Dia tak suka berhutang. Sahabat karibnya, Bung Karno, kepada

gergasi-gergasi dunia itu bahkan berteriak, "Masuklah kalian ke neraka

dengan uang yang kalian samarkan dengan nama bantuan, yang pada

hakekatnya hutang itu".

Suara lantang 39 tahun yang silam itu terapung di Ngarai Sianok, hanyut

di Kali Brantas, menyelam di Laut Banda, melintas di Selat Makassar,

hilang di arus Sungai Mahakam, kemudian tersangkut di tenggorokan 200

juta manusia,

Dua ratus juta manusia itu, terbelenggu rantai hutang di tangan dan kaki,

di abad kini. Petinggi negeri di lobi kantor Pusat Pegadaian Dunia duduk

antri, membawa kaleng kosong bekas cat minta sekedarnya diisi. Setiap

mereka pulang, hutang menggelombang, setiap bayi lahir langsung dua puluh

juta rupiah berkalung hutang, baru akan lunas dua generasi mendatang.

II.

Jalan kaki pagi-pagi di Bukittinggi, aku merenung di depan rumah beratap

seng di Aue Tajungkang nomor 37 ini, yang di awal abad 20 lalu tempat

lahir seorang bayi laki-laki

Aku mengenang negarawan jenius ini dengan rasa penuh hormat karena

rangkaian panjang mutiara sifat: tepat waktu, tunai janji, ringkas

bicara, lurus jujur, hemat serta bersahaja,

Angku Hatta, adakah garam sifat-sifat ini masuk ke dalam sup kehidupanku?

Kucatat dalam puisiku, Angku lebih suka garam dan tak gemar gincu.

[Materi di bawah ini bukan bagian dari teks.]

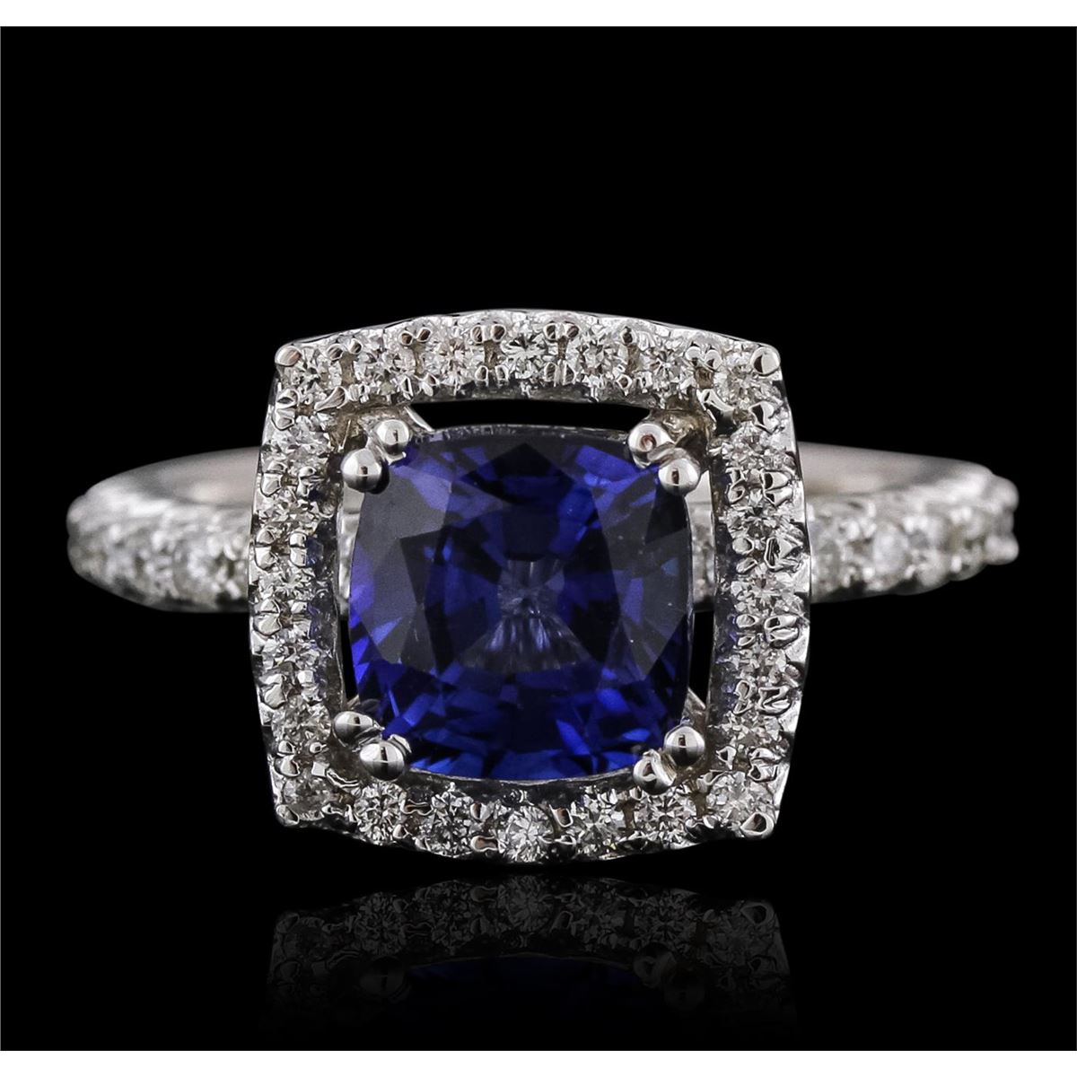 One electronically tested 14KT white gold ladies combination cast & assembled sapphire and diamond ring with a flat shank with a bright polish finish. Identified with markings of "K14". Condition is new. Containing: One prong set square cushion modified brilliant cut natural blue sapphire, measuring 7.95 x 7.88 x 5.15mm, approximate weight of 3.03ct., clarity is eye clean, type II, medium, moderately strong, blue color, (GIA B 5/4), cut is good. Fifty-Six prong set round brilliant cut diamonds, measuring 1.60 - 1.10 x 0.81mm (depth est.) approximate total weight of 56 Stones = 0.50ct. Clarity: SI-1 to SI-2. Color: I - J, Cut is Good. Colored gemstones are presumed to have been subjected to commonly used enhancement processes. All diamonds and colored gemstones are graded in the mounting, unless otherwise stated. Total Weight of Colored Stones 3.03ct. Total Weight of Diamonds 0.50ct. Total Weight of Ring 5.70 grams. GGL Appraised at $5,010.00.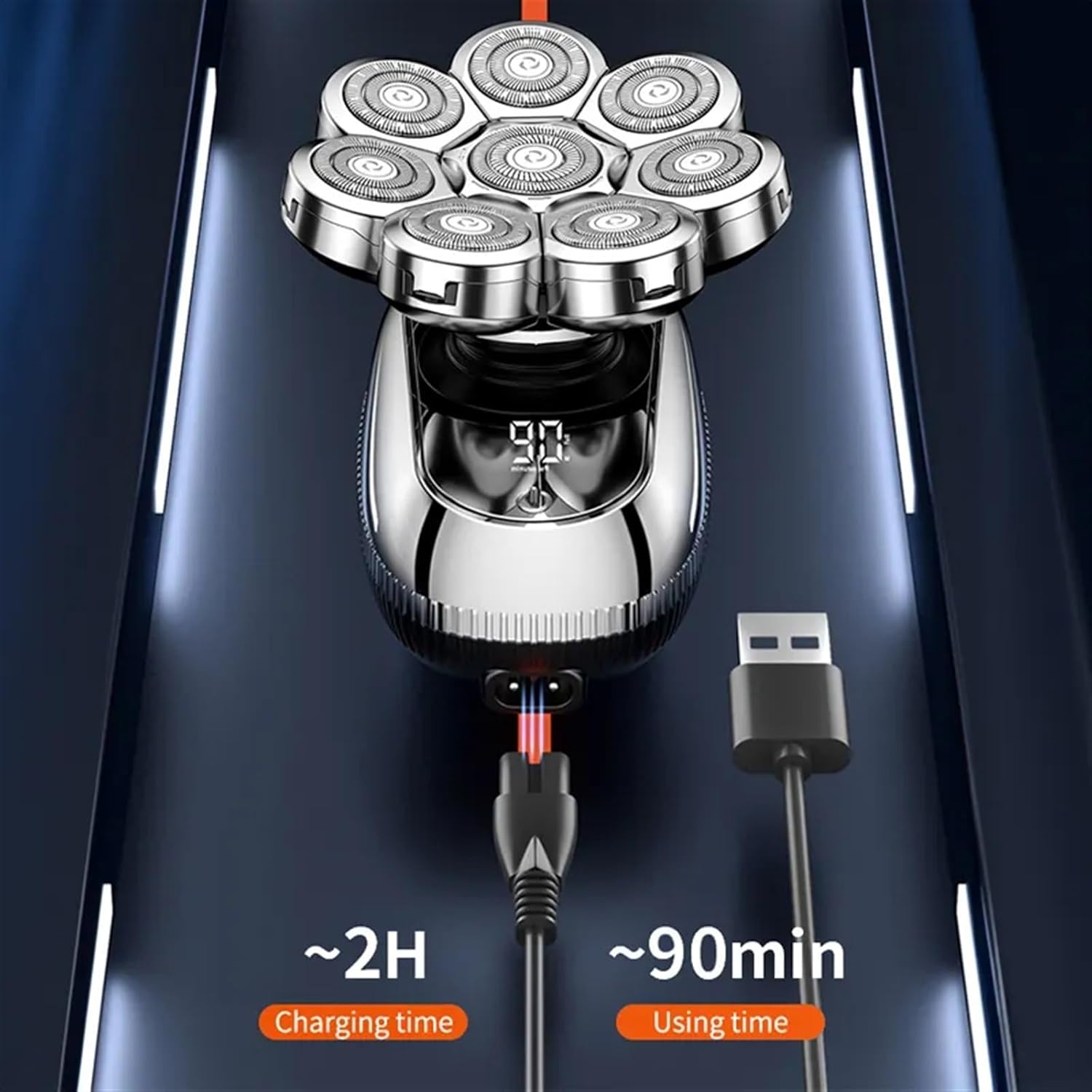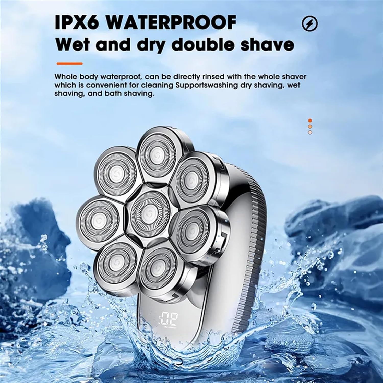 The RYDOX Electric Head Shavers for Bald Men is an 8-head rotary shaver designed for men who want a close and comfortable shave. It features a 6-in-1 men's electric head razor grooming kit, including a micro-shaver for precise detailing and a stainless steel body hair removal tool for men. The IPX6 waterproof design allows for wet or dry shaving, and the cordless operation provides 90 minutes of working time. The LED display shows the remaining battery life, and the shaver is easy to clean and maintain.

Tujuh windu sudah berlalu, aku menyusun sebuah senarai perasaan rindu,

Rindu pada sejumlah sifat dan nilai, yang kini kita rasakan hancur

bercerai-berai,

Kesatuan sebagai bangsa, rasa bersama sebagai manusia Indonesia, ikatan

sejarah dengan pengalaman derita dan suka, inilah kerinduan yang luput

dari sekitar kita,

Kita rindu pada penampakan dan isi jiwa bersahaja, lurs yang tabung,

waktu yang tepat berdentang, janji yang tunai, kalimat yang ringkas

padat, tata hidup yang hemat,

Tiba-tiba kita rindu pada Bung Hatta, pada stelan jas putih dan pantaloon

putihnya, symbol perlawanan pada disain hedonisme dunia, tidak sudi

berhutang, kesederhanaan yang berkilau gemilang,

Kesederhanaan. Ternyata aku tak bisa hidup bersahaja. Terperangkap dalam

krangkeng baja materialisme, boros dan jauh dari hemat, agenda serba

bendaku ditentukan oleh merek 1000 produk impor, iklan televise dan gaya

hidup imitasi,

Bicara ringkas. Susah benar aku melisankan fikiran secara padat. Agaknya

genetika Minang dalam rangkaian kromosomku mendiktekan sifat bicaraku

yang berpanjang-panjang. Angk Hatta, bagaimana Angku dapat bicara ringkas

dan padat? Teratur dan apik? Aku mengintip Angku pada suatu makan siang

di Jalan Diponegoro, yang begitu tertib dan resik,

Tepat waktu. Bung Hatta adalah tepat waktu untuk sebuah bangsa yang

selalu terlambat. Dari seribu rapat, sembilan ratus biasanya telat.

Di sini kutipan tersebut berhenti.